- [Assignment] Working from the entries that follow, transcribe exactly and only the lines from the one with "Рисунок 1. Етапи формування умінь" through the last, pictures excluded.

- [Source records]
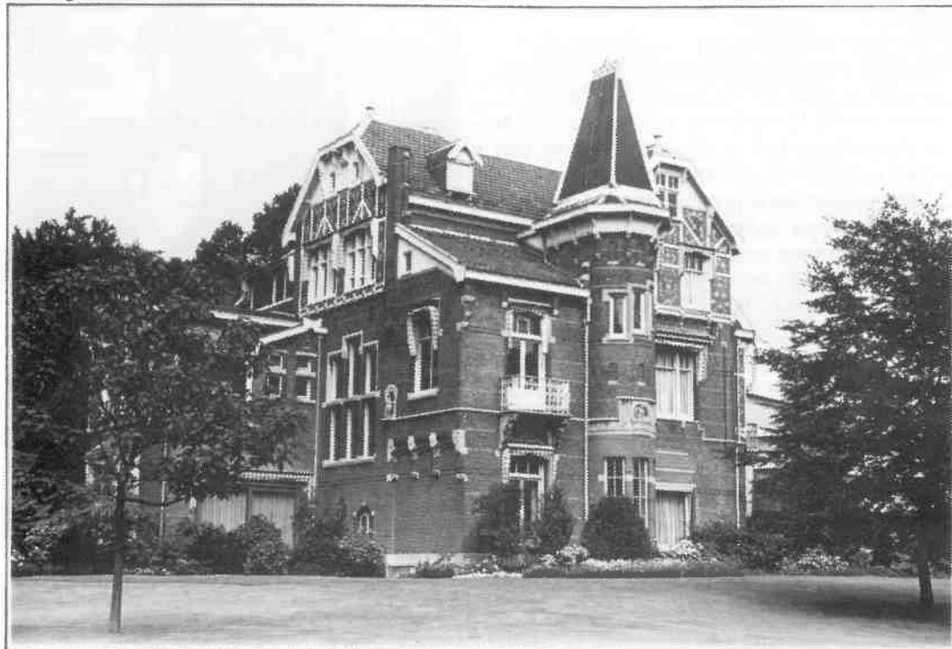
In de NCRV-periode onderging de villa tal van wijzigingen. De entree aan de zuidgevel (zie foto vorig artikel) werd in 1939 gewijzigd in een drietal smalle ramen. Ook de serre rechts van de vroegere entree verdween. In 1973 werden de ramen van de voormalige biljartkamer vervangen door een schuifpui (linksonder). Ook de schoorstenen ondergingen wijzigingen.

De indiening van bouwtekeningen voor omroepgebouwen geschiedde in deze periode overigens niet door de zendgemachtigde. Op 9 oktober 1973 diende de NOS een officiële aanvraag in bij B & W Hilversum om de bestaande deur met twee ramen (voormalige biljartkamer Jan ter Meulen) op de begane grond te wijzigen in een schuifpui, hetgeen geschiedde.
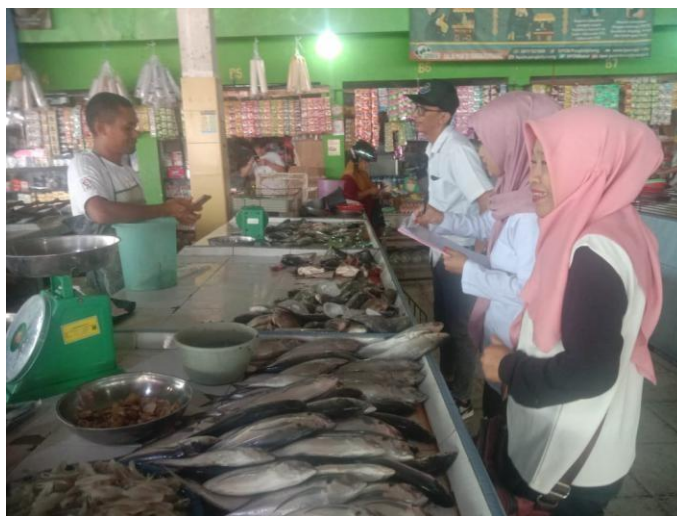
Pendataan di Kabupaten Bangka

Langkah ini melibatkan survei langsung di pasar tradisional/modern dan sentra produksi (tangkap/budidaya) oleh petugas DKP Kab/Kota. Data yang dikumpul mencakup harga real-time (Rp/kg) untuk 10 komoditas utama, dibandingkan dengan harga normal. Tujuannya untuk mendeteksi fluktuasi dini (misalnya, kenaikan 10-20% akibat euforia HBKN atau musim angin barat). Integrasikan dengan data produksi tahun sebelumnya untuk prognosa awal.
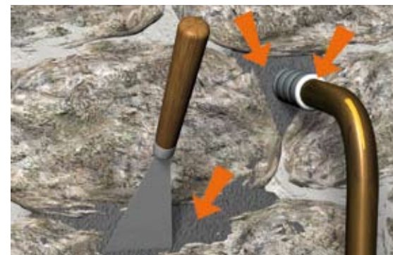
Situation après travaux : colmatage des voies d'eau.
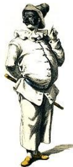
Foto 3. Pulcinella in maschera dalla Commedia dell'arte

La marionetta risulta avere radici così profonde nel paese tanto che anche gli attori drammatici hanno voluto interpretare questo personaggio. Quando, molto tempo dopo, nascerà la famosa Commedia dell'arte, la maschera di Pulcinella ne farà parte e avrà origine nell'antica città di Acerra vicino a Napoli. Sul palcoscenico, poteva interpretare vari ruoli: il servo, il giardiniere, il guardiano, il mercante, l'artista, il soldato, il contrabbandiere, il ladro o il bandito.
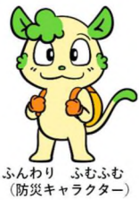
ふんわり ふむふむ (防災キャラクター)

地震による ケガ人の 約3～5割は 家具類の 転倒 落下 移動 による ものだよ！
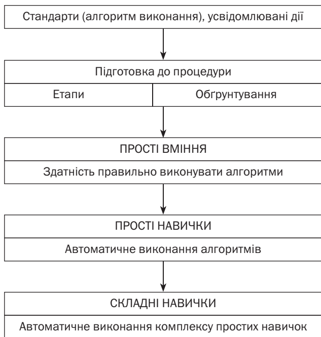
Рисунок 1. Етапи формування умінь

— підвищення та удосконалення професійно спрямованої уваги.
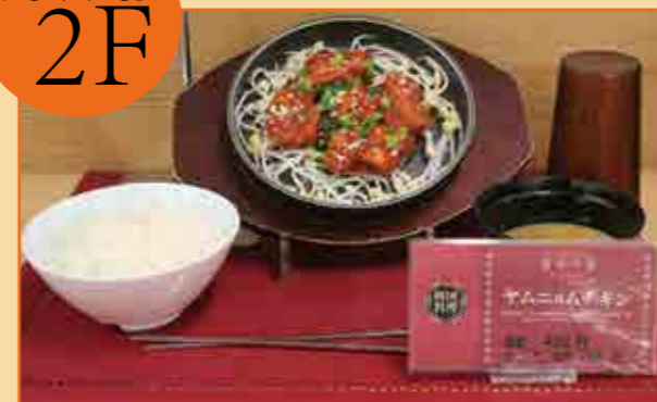
ヤムニョムチキン490円

蔦友館2階の利用者は、お昼休みの時間だけでなんと 600~700人!たくさんの方が利用しています!
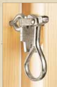
Blanke hasper Røros Vinduet Standard

Her vil det være muligheter for et bredt utvalg av ulike sprosseløsninger (faste og løse), og et bredt sortiment av andre detaljer og tilbehørsdeler. Karmdybde 117 mm.

- [Finished exercise]
Рисунок 1. Етапи формування умінь

— підвищення та удосконалення професійно спрямованої уваги.
ヤムニョムチキン490円

蔦友館2階の利用者は、お昼休みの時間だけでなんと 600~700人!たくさんの方が利用しています!
Blanke hasper Røros Vinduet Standard

Her vil det være muligheter for et bredt utvalg av ulike sprosseløsninger (faste og løse), og et bredt sortiment av andre detaljer og tilbehørsdeler. Karmdybde 117 mm.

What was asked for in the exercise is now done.